Brialmont designed the Meuse forts to withstand the power of the heaviest artillery of his day: 21 cm pieces whose shells put out 240 MT of force. As a response to the 1886 melinite tests, he covered the masonry in the walls with a thick layer of concrete which itself was then covered with 3 m of soil. The mixtures of concrete used, of which there were two, (Note: The first was for the foundations, and the second was for the masonry walls and vaulting. Both were mixed on-site from Portland cement, 300,000 MT of which was produced in Belgium and France, and locally sourced gravel and sand, dredged from the Meuse.) were determined by testing at Fort Brasschaat. Concrete was poured into wooden frames and left in place for over two weeks. Once dry, mortar would be brushed over the concrete until smoothed on the interior, and covered in soil on the exterior.
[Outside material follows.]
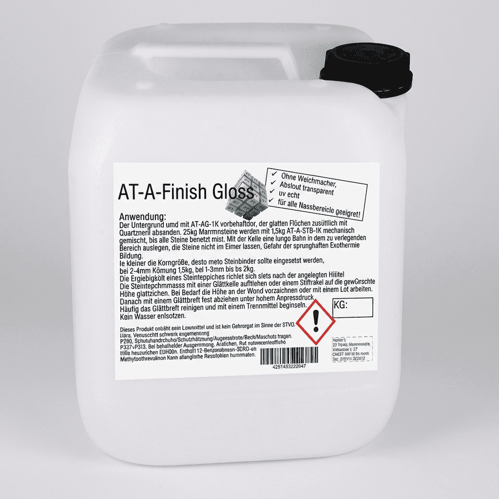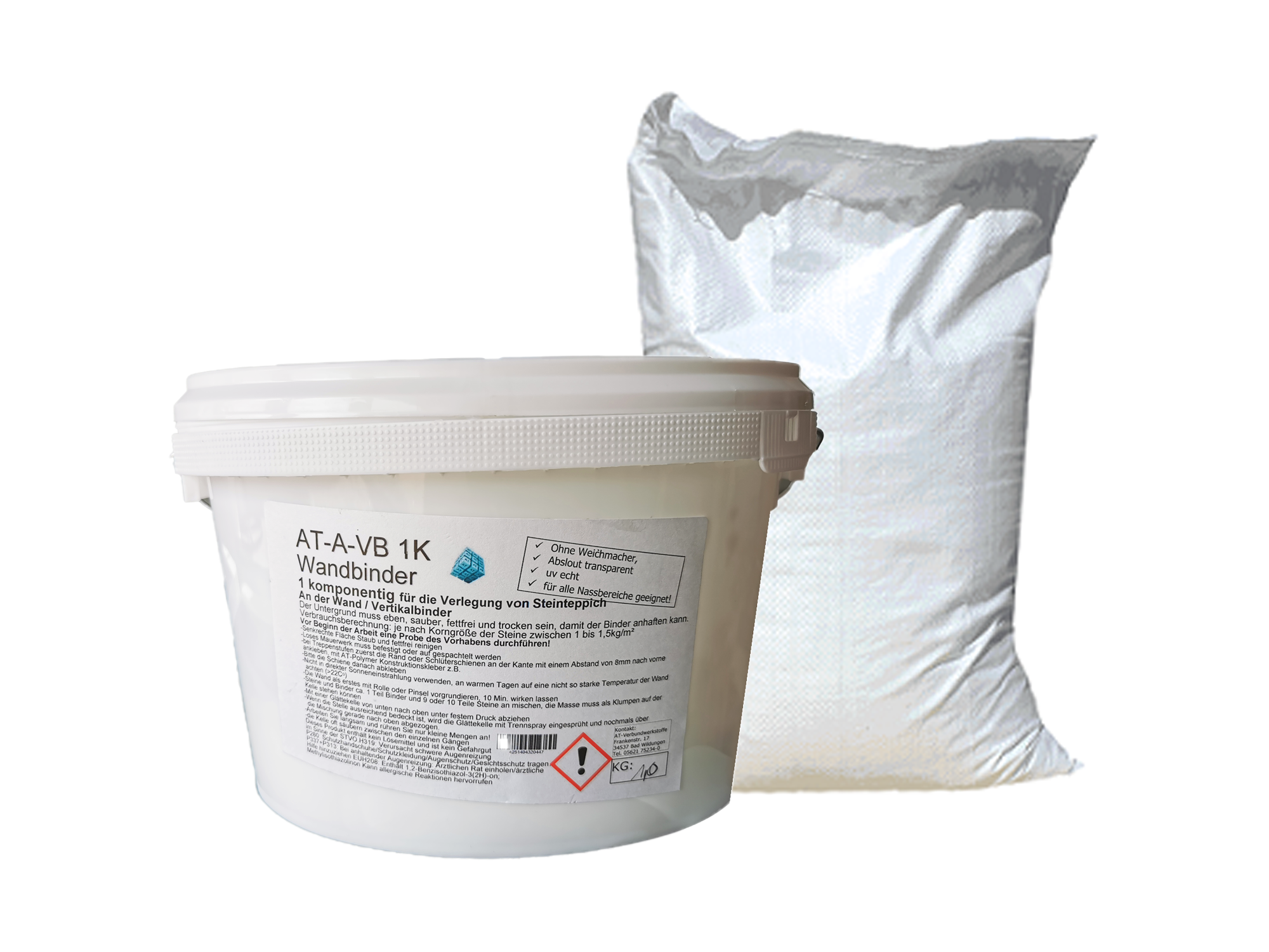 Steinteppich-Binder für vertikale / senkrechte Flächen wie Wand, Wandsockel, Sockelleisten, Treppen Setzstufen etc. 1K Harz Beschichtung für den Außen- und Innenbereich / einfache Verarbeitung / UV-beständig

The vulnerability of a structure determined the thickness of the concrete protecting it; the gorge wall of a barrack was 1.5 m thick, while the exposed top of the massif was 4 m thick. Protection against infantry was offered by a sea of barbed wire on the glacis around the ditch and the casemates of the gorge, housing 5.7 cm cannons and garrison infantry. These troops were also to be mustered in the massif for a sortie in case of a hostile infantry assault.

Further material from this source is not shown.